Psychological Game Theory

Most economic models assume that agents maximize their expected monetary payoff. However, subjects in the lab exhibit persistent and significant deviations from this self-interested maximizing behavior. A reasonable explanation for this behavior is that players can be motivated not only by monetary payoffs but also by what are referred to as ‘psychological utilities.’

These are related to preferences that are in some degree ‘other regarding’: they take others into account. Traditional game theory does not provide enough tools to adequately describe many of these preferences: the traditional approach assumes that utilities only depend on the actions that are chosen by the players. By contrast, when players are emotional or motivated by reciprocity or social respect, their utilities may also directly depend on the beliefs (about choices, beliefs, or information) they hold. When we deal with intention-based feelings, emotions and social norms, i.e. belief-dependent motivations, we need to turn to Psychological Game Theory. This quite new framework focuses on strategic settings where at least one player has belief-dependent motivations or believes, with a certain probability, that one of his opponents has belief-dependent motivations. Nonetheless, it allows for every other kind of social preferences. In that sense, it can be interpreted as a generalization of the traditional game theory.

Since the seminal article by Geanakoplos, Pearce and Stacchetti (GEB 1989), several well-known game theorists (e.g., Pierpaolo Battigalli, Martin Dufwenberg, Georg Kirchsteiger, and Matthew Rabin) and experimental economists (e.g., Gary Charness, Armin Falk, Ernst Fehr, Urs Fischbacher, Simon Gachter, Uri Gneezy, and Heike Hennig-Schmidt) have produced psychological-game theoretic articles (and test of these theories) published on top-5 general journals and top-field journals in Economics.

Due to the spread of this methodology especially among behavioral economists – e.g., 1,950 citations for Dufwenberg & Kirchsteiger (GEB 2004), and 1,250 citations for Charness & Dufwenberg (Econometrica 2006) – the 1st Workshop on Psychological Game Theory has been organized in June 2016 (University of Gothenburg). The 2nd Workshop on Psychological Game Theory (July 2017, University of East Anglia Norwich) has been preceded by the 1st Summer School on Psychological Game Theory, where 30 PhD students attended classes by experts in the field.

The 3rd Workshop and 2nd Summer School of Psychological Game Theory, subtitled “Modeling Belief-Dependent Emotions with Game Theory,” are meant to commemorate the 30th anniversary of the seminal paper by Geanakoplos, Pearce & Stacchetti (GEB 1989) called “Psychological games and sequential rationality”, and the 20th anniversary of an intriguing article by Jon Elster (JEL 1998) called “Emotions and Economic Theory.” 

The former was the first (theoretical) study showing the inadequacy of traditional methods in representing belief-dependent preferences, and developed extensions of traditional game theory so as to deal with the matter.

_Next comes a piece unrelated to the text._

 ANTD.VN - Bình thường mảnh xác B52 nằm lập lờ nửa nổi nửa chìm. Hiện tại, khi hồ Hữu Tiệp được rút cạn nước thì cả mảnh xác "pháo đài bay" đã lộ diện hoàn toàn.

The latter (psychological) paper has inspired many theoretical and experimental studies of belief-dependent motivations, as Elster stressed explicitly how emotions depend on beliefs, hence anticipating that key theme of psychological game theory (Elster (1998) argues that a key feature of emotions is that ‘they are triggered by beliefs’ (p. 49). He discusses, inter alia, anger, hatred, guilt, shame, pride, admiration, regret, rejoicing, disappointment, elation, fear, hope, joy, grief, envy, malice, indignation, jealousy, surprise, boredom, sexual desire, enjoyment, worry, and frustration).

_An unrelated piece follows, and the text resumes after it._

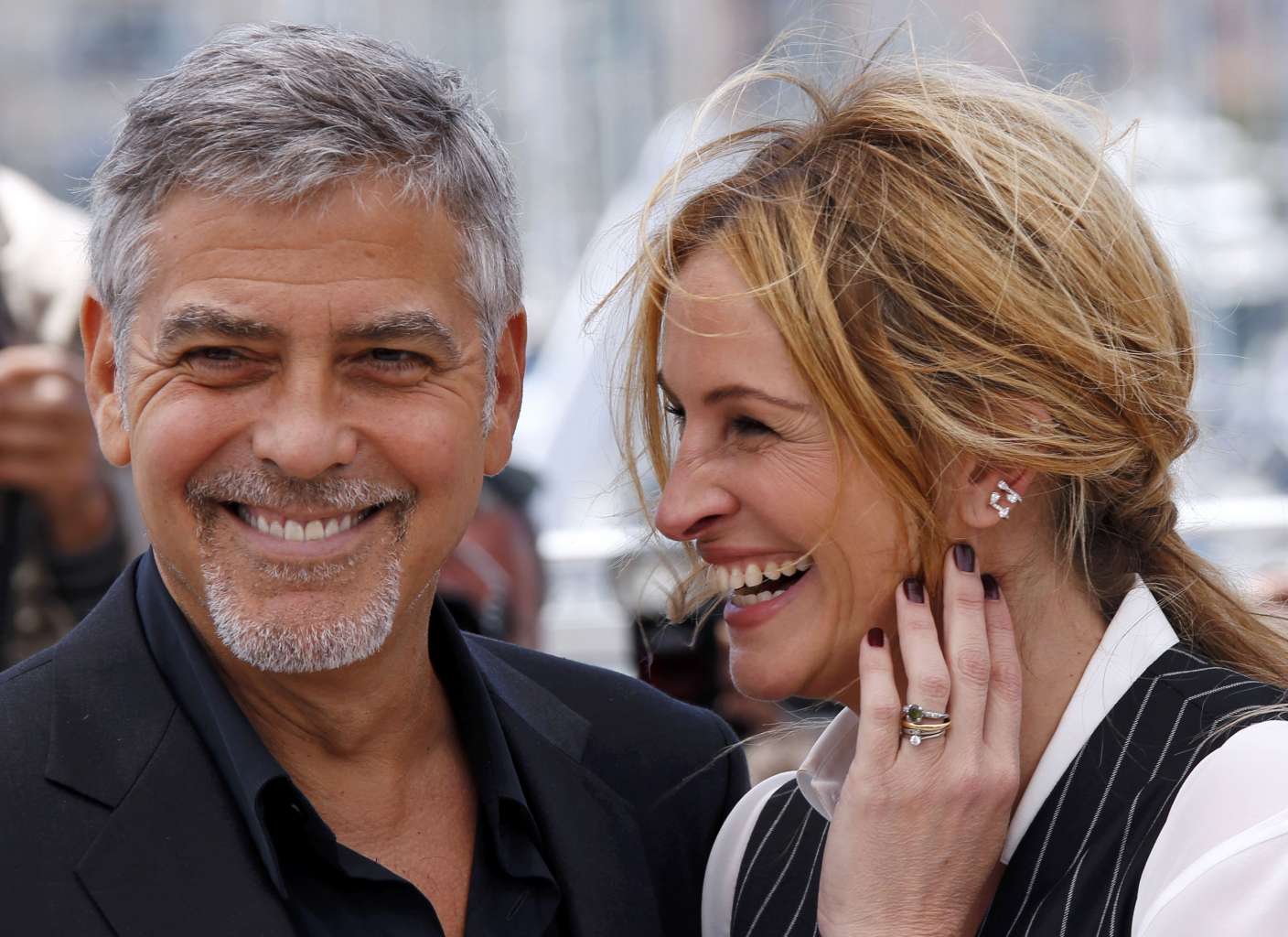 Cast members George Clooney and Julia Roberts and pose during a Money Monster photocall in Cannes.

With this, the workshop is meant to bring together psychologists and game theorists so that the former provide the latter – as Elster did 20 years ago – with hints about how to model new belief-dependent emotions, and the latter use the most recent extensions of Geanakoplos, Pearce and Stacchetti (1989) to theoretically and experimentally study the strategic impact of emotions.


We encourage submissions of game-theoretic works modeling belief-dependent emotions, and related experimental economic studies. We would also like to receive submissions of papers of psychologists able to stress the economic importance of specific emotions, and to point out features that might link the emotions that they discuss to the formal framework of psychological game theory.


In the same line, summer school lectures will try to: (i) combine theoretical modeling with the intuitions behind assumptions and solution concepts, and (ii) add illustrative examples and simple applications of the strategic analysis of games with belief-dependent preferences. We see the workshop and the summer school as great opportunity to extend the application of psychological games by involving psychologists interested in using game-theoretic tools and intuitions to study interactive emotions.